Want to Reduce Violence? Invest in Community Solutions.
Community violence intervention programs do important, even heroic, work. But we need to think bigger about them – about the challenges they face as well as the potential they possess.
Defining those challenges and unleashing that potential are key to the mission of the Institute for Transformative Mentoring (ITM), which I direct and which works with the “credible messengers” who bring their lived experiences with the criminal justice system to bear on this work.
For more than a decade, under three mayors, New York City has supported community-based anti-violence programs. New York State also funds such programs. And in 2021, Congress passed the American Rescue Plan Act which included funding that many cities are spending on community violence intervention.
Over the years, community violence intervention has proved that it can reduce violence, crime, and incarceration. Credible messengers are developing practices, and designing and leading programs. They’re keeping their community safe and building relationships where law enforcement and government officials cannot, reducing the need for punitive discipline in schools and over-surveillance by police in our communities.
In New York, we’ve built ample evidence showing that credible messengers reduce violence and incarceration among young people and connect them to educational and employment opportunities, housing, health, and other services.
At the national level, the Center for American Progress (CAP) has concluded that “CVI [community violence intervention] programs serve as a vital way to connect community resources to the people who need them most, addressing the root causes of gun violence in a holistic way that cannot be done by law enforcement or local government alone.”
Yet these efforts remain underfunded and fundamentally small-scale. They are, moreover, hemmed in by a too-narrow focus.
We are the community leaders with solutions to gun violence, crime, disconnected youth, and more. But these solutions need resources and leaders need opportunities grow. The reality is that most community violence intervention funding is limited to part-time work, like afterschool programming.
At a minimum, funding for credible messengers and other community-based services needs to be at a level to keep our communities safe and thriving. And the scope of those services need to be broadened.
Much has been written about the rise in crime during the Covid-19 pandemic, and its potential causes. All too often, it seems, all the world cares to see is how gun violence has impacted our neighborhoods and destroyed our communities.
In response, I would point to a recent report from the Brookings Institution. It walks through the array of pandemic economic and social hardships. It also looks at the issues inherent in long-term community disinvestment and concludes:
Want to reduce violence? Invest in place – in the physical, civic, and social infrastructure that sustain neighborhood life. Because the weaknesses in that infrastructure closely correlate with violence.

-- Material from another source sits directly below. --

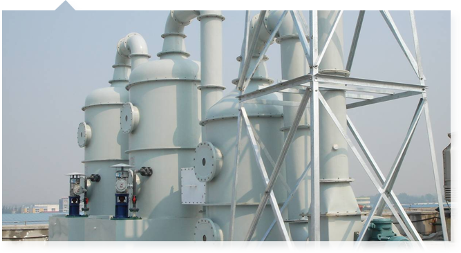 3未被吸收的酸/碱性气体进入第二层,在喷淋段中吸收液被均布的喷嘴高速喷出,形成无数细小雾滴与气体充分混合、接触、继续发生化学反应,与第一层类似吸收过程;

Too often, there is little attention to the crime of community disinvestment. No talk about the root causes or the reaction to structural racism and designed poverty. And little recognition of our strengths: neighborhood organizations and mentors, the young people playing on the basketball courts and writing poetry and music, young people running errands for the elders and assisting sick parents or hungry siblings.
Our young people are expected to “beat the odds.” To become educated despite schools that fail to meet their needs. To overcome workplace discrimination and low wages. To overcome environmental and other hazards that are social determinants of poor mental and physical health. To find joy and community in weedy parks that lack tennis courts and soccer fields.
True place-based investments should allow credible messengers to build on their ideas for keeping communities empowered and safe. Credible messengers should have careers in the school system where much harm and misguidance has taken place. Credible messengers should be restorative community-based practitioners providing skill-based programming focused on trauma-informed care and healing practices.
Credible messengers function as guardians, elders, and mentors. We work with young people and help to develop the critical consciousness of our Black and brown youth.
At ITM we also encourage credible messengers to develop critical consciousness themselves. It’s why ITM has established a policy fellowship to support credible messenger leaders and to incubate their solutions. We study public policy, develop analytical and advocacy skills, meet with elected officials, and build networks of aligned organizations. Fellows create solutions that can improve society as a whole.
To our young people we say: We see you. We walked these streets too. Your current position should not be shaped by the many issues that plague our nation, from its original sin of slavery to today's systemic racism. Instead, let’s build together towards strengthening our communities and towards supporting your dreams.
William M. Evans is director of the Institute for Transformative Mentoring program at the Center for New York City Affairs at The New School.